Art. 10. São as seguintes as penalidades aplicáveis por conduta atentatória ou incompatível com o decoro parlamentar: (“Caput” do artigo com redação dada pela Resolução nº 2, de 2011)
II - suspensão de prerrogativas regimentais por até 6 (seis) meses; (Inciso com redação dada pela Resolução nº 2, de 2011)
III - suspensão do exercício do mandato por até 6 (seis) meses; (Inciso com redação dada pela Resolução nº 2, de 2011)
§ 1º Na aplicação de qualquer sanção disciplinar prevista neste artigo serão considerados a natureza e a gravidade da infração cometida, os danos que dela provierem para a Câmara dos Deputados e para o Congresso Nacional, as circunstâncias agravantes ou atenuantes e os antecedentes do infrator. (Parágrafo único transformado em § 1º e com nova redação dada pela Resolução nº 2, de 2011)
§ 2º O Conselho de Ética e Decoro Parlamentar decidirá ou se manifestará, conforme o caso, pela aplicação da penalidade requerida na representação tida como procedente e pela aplicação de cominação mais grave ou, ainda, de cominação menos grave, conforme os fatos efetivamente apurados no processo disciplinar. (Parágrafo acrescido pela Resolução nº 2, de 2011)
§ 3º Sem prejuízo da aplicação das penas descritas neste artigo, deverão ser integralmente ressarcidas ao erário as vantagens indevidas provenientes de recursos públicos utilizados em desconformidade com os preceitos deste Código, na forma de Ato da Mesa. (Parágrafo acrescido pela Resolução nº 2, de 2011)
 
Art. 11. A censura verbal será aplicada pelo Presidente da Câmara dos Deputados, em sessão, ou de Comissão, durante suas reuniões, ao Deputado que incidir nas condutas descritas nos incisos I e II do art. 5º.
Parágrafo único. Contra a aplicação da penalidade prevista neste artigo, poderá o Deputado recorrer ao respectivo Plenário no prazo de 2 (dois) dias úteis. (Artigo com redação dada pela Resolução nº 2, de 2011)
 
Art. 12. A censura escrita será aplicada pela Mesa, por provocação do ofendido, nos casos de incidência nas condutas previstas no inciso III do art. 5º ou, por solicitação do Presidente da Câmara dos Deputados ou de Comissão, nos casos de reincidência nas condutas referidas no art. 11. (“Caput” do artigo com redação dada pela Resolução nº 2, de 2011)

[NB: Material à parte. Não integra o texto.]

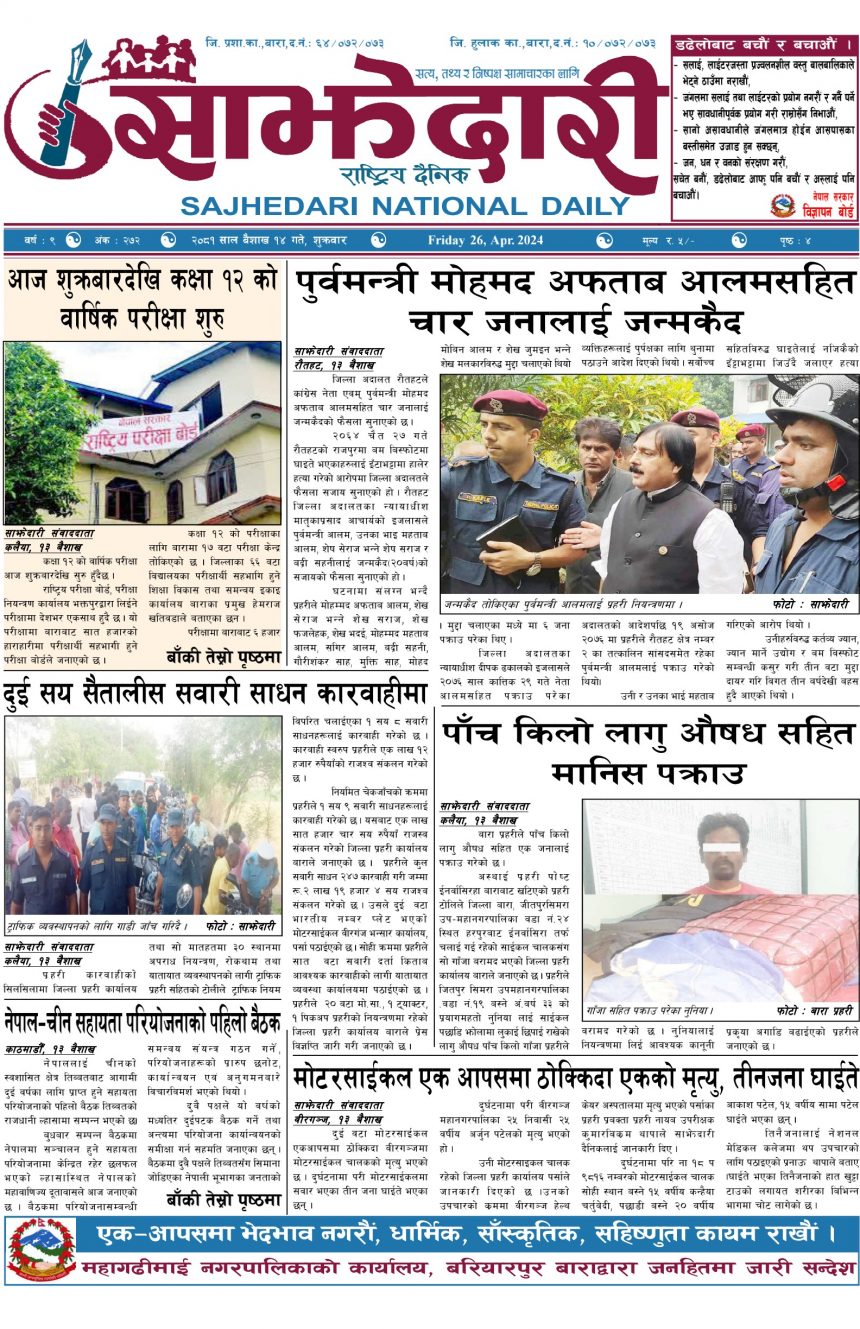 ई–पेपर २०८१ वैशाख १४ गते । साझेदारी दैनिक साझेदारी दैनिक २०८१ बैशाख १४, गते 274 पाठक संख्या शेयर २०८१ वैशाख १४ गते । साझेदारी दैनिक शेयर Leave a review Leave a review Leave a Review Cancel replyYour email address will not be published. Required fields are marked * Please select a rating! Your Rating Rate… Perfect Good Average Not that Bad Very Poor Your Comment *नाम * Your Email * Your website Save my name, email, and website in this browser for the next time I comment. ताजा अपडेट दुर्घटना न्यूनीकरणलाई केन्द्रमा राखेर काम गर्न डीआईजी थपलियाको निर्देशन मधेश मुख्य समाचार समाचार कलैयामा घरको ताला तोडेर करिब ५० लाख बराबरको चोरी मधेश मुख्य समाचार समाचार प्रधानमन्त्री कप क्रिकेटको उपाधि त्रिभुवन आर्मी क्लबलाई खेलकुद मधेश मुख्य समाचार समाचार लागुऔषधसहित विभिन्न स्थानबाट २४ जना पक्राउ प्रदेश समाचार समाचार सुनचाँदीको मूल्य घट्यो समाचार भन्सार छली प्रकरणः तीन जनाविरुद्ध अदालतमा मुद्दा, मुख्य अभियुक्तबाट २ करोडभन्दा बढी बिगो दाबी मधेश मुख्य समाचार समाचार जीतपुरको गौशाला जग्गा अतिक्रमण घरटहरा हटाइयो मधेश मुख्य समाचार समाचार मुख्य समाचार बारामा भूतपूर्व सैनिक पुनर्मिलन कार्यक्रम सम्पन्न मधेश समाचार पाँच पटक भन्दाबढी ट्राफिक नियम उल्लंघन गर्नेको लाइसेन्स निलम्बन प्रक्रिया सुरु मधेश मुख्य समाचार समाचार बाराका दुई नगरपालिकामा नयाँ प्रमुख प्रशासकीय अधिकृत खटाइए मधेश मुख्य समाचार समाचार पर्सामा नागरिकतासँगै राष्ट्रिय परिचयपत्र मधेश मुख्य समाचार समाचार राजश्व अनुसन्धान कार्यालय पथलैयामा आगलागी, प्रमुखको कार्यकक्ष ध्वस्त मधेश समाचार प्रदेश समाचार भाडा वृद्धि पछि सिमरा-काठमाडौं उडानमा यात्रु घटे मधेश मुख्य समाचार समाचार बारामा साढे दुई महिनामा एक करोडभन्दा बढीको अवैध सामान बरामद मधेश मुख्य समाचार समाचार सांसद साहलाई जीतपुरसिमरा-१७ का वडाबासीद्वारा ध्यानाकर्षणपत्र बुझाइयो मधेश मुख्य समाचार समाचार प्रधानमन्त्री कपको आजको खेलमा मधेस प्रदेश विजयी खेलकुद मधेश समाचार स्थानीय तहसँग मागियो विद्यालय समायोजनको विवरण प्रदेश समाचार समाचार

§ 1º Antes de deliberar sobre a aplicação da sanção a que se refere o caput a Mesa assegurará ao Deputado o exercício do direito de defesa pelo prazo de 5 (cinco) dias úteis. (Parágrafo acrescido pela Resolução nº 2, de 2011)
§ 2º Contra a aplicação da penalidade prevista neste artigo, poderá o Deputado recorrer ao Plenário da Câmara dos Deputados no prazo de 2 (dois) dias úteis. (Parágrafo acrescido pela Resolução nº 2, de 2011)
 
Art. 13. O projeto de resolução oferecido pelo Conselho de Ética e Decoro Parlamentar que proponha a suspensão de prerrogativas regimentais, aplicável ao Deputado que incidir nas condutas previstas nos incisos VI a VIII do art. 5º deste Código, será apreciado pelo Plenário da Câmara dos Deputados, em votação ostensiva e por maioria absoluta de seus membros, observado o seguinte: (“Caput” do artigo com redação dada pela Resolução nº 47, de 2013)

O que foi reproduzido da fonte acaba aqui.